It’s not that scientists didn’t know there were streams and waterfalls in Antarctica. Over decades of research on the frozen continent, researchers have documented the occasional stream of meltwater flowing across the icy surface. But no one had ever done a systematic survey of Antarctica’s meltwater systems.

When a group of scientists based at Columbia University looked through military photos dating back to 1947 and satellite images dating back to 1973, they found that our previous understanding of the Antarctica’s meltwater only included a fractions of the streams, ponds, and channels that cover the continent.

Antarctica, it turns out, is covered in meltwater that pools, trickles, streams, and roars across the ice. The study, the first to extensively map meltwater, found 700 seasonal systems of ponds, channels, streams.

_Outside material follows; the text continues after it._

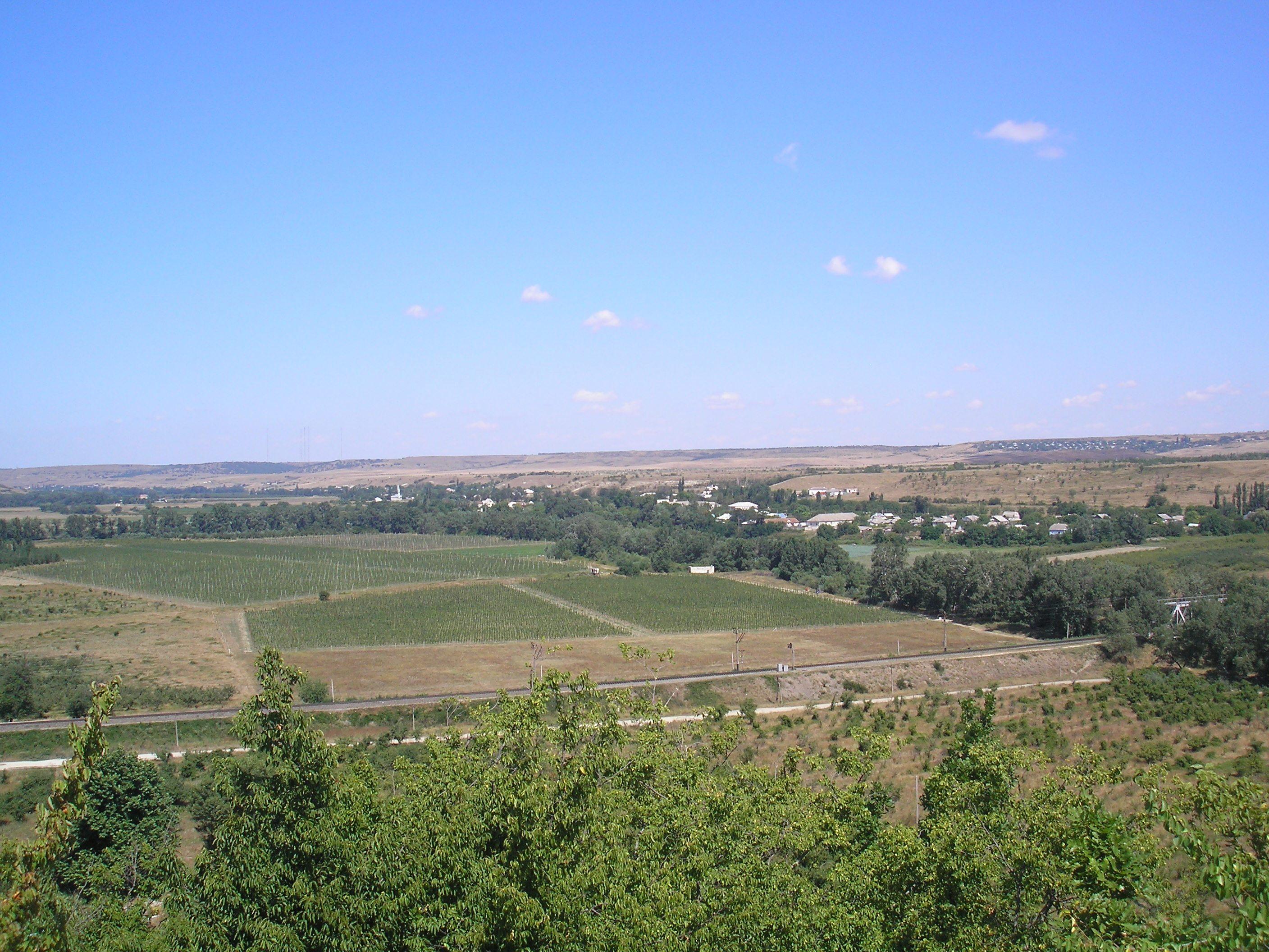 Village Pochtovoe, Bakhchisaray district, Crimea

Although these are longstanding, if previously unknown, features of Antarctica, scientists fear that as the climate changes these meltwater systems could increasingly contribute to the break-up of the Antarctic ice sheets. Meltwater from more stable parts of the ice sheet could flow toward the melting ice shelves on the continent’s edges and encourage them to break off.

On the other hand, in some places, drainage may be crucial to keeping the ice shelves intact. On the Nansen Ice Shelf, for instance, one group of scientists reports in Nature, a waterfall pulls the meltwater away from the ice surface, keeping it from pooling and damaging the ice shelf.